Redemption. That is what I was looking for. It took a while for me realize it. It took time to accept that I was capable of hoping for something more. But the thing that took the longest time was accepting that I deserved better.
The things that we do each day turn into habits. What we eat, how we think, how we dress. They are all habits. We may be human, but we're not all that different from Pavlov's dog. Ring the bell and we come running to eat.
I was no different, aside from having convinced myself that I was responsible for all of the bad things that had happened and that I deserved it. Actually that is not all that different from a lot of people. We all feel alienated. From time to time we all feel like losers who don't fit in.
Don't I sound like the motivational speaker.
But I am not that guy. I don't buy into that crap. Maybe it is because of my own provincial mindset, or maybe it is because I see too many of those charlatans robbing people. But then again if you refuse to think for yourself you set yourself up for disaster.

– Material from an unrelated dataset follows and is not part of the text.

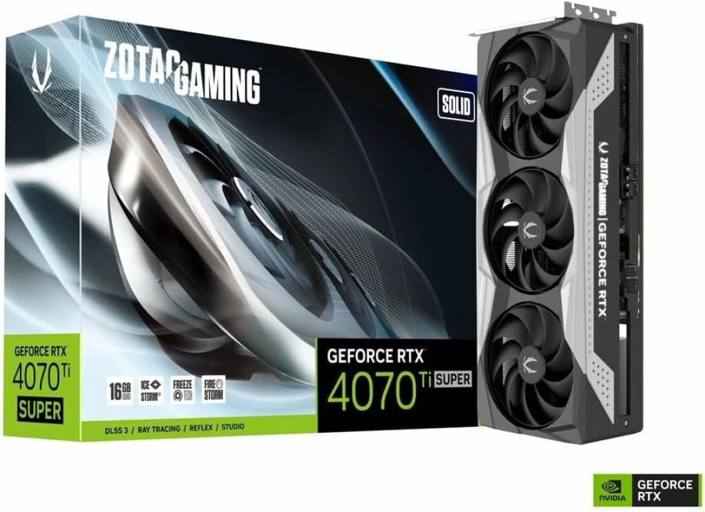 Die Zotac Gaming GeForce RTX 4070 Ti Super Solid OC 16 GB GDDR6X verfügt über eine modernste NVIDIA Ada Lovelace-Architektur, die Spielern Funktionen wie DLSS 3.5 und Echtzeit-Raytracing sowie Funktionen bietet, die sich auf niedrigere Temperaturen und verbesserte Haltbarkeit konzentrieren. Mit grösseren Lüftern und einem stabileren Rahmen ist die SOLID eine gute Wahl für Gamer, die Wert auf Funktion als Form legen.

That has never been my problem. I know my what my problems are. I know my weakness. All I can do is try to avoid making the mistakes of the past. Let them stay where they belong. Let them haunt my soul and serve as a warning, whatever. Just let them be far away from my conscious mind.
I can't tell you when the change took place. I can't tell you why or how. I just know that when hope returned I lost some of my edge. I no longer constantly felt angry, frustrated and edgy, but not always angry.
Little things that used to throw me into a rage stopped infuriating me. And it was all because of hope.
Once I began to believe in myself I started to dream about getting her back. I allowed myself to remember the joy she used to fill me with and considered the possibility of having it again.
We had promised each other that we would never let go. We said that if we held onto each other we could beat whatever had come between, in front or behind us. Somewhere in time there still lived a boy and girl who believed in that.
The girl I had loved was a hopeless romantic with such sweet lips. Men don't normally say things like this, but I loved kissing her. I didn't view it as a necessary step to get into her pants. I really loved it.
Somewhere in time there lived a boy and a girl who would do all in their power to find their way back to each other. I really believed it and I had to believe that she believed it.
The bigger question was not whether she did, but where she was. We had lost touch. It had become far too painful and I had let her slip away. I didn't know if she was married. Couldn't tell you if she had kids.
All I could tell you was that I knew she was alive. As stupid as it sounds the heart that had been broken just sensed that she was somewhere.
It was a start, a beginning that I could work with. I didn't know what would happen or how. I just knew that redemption was possible.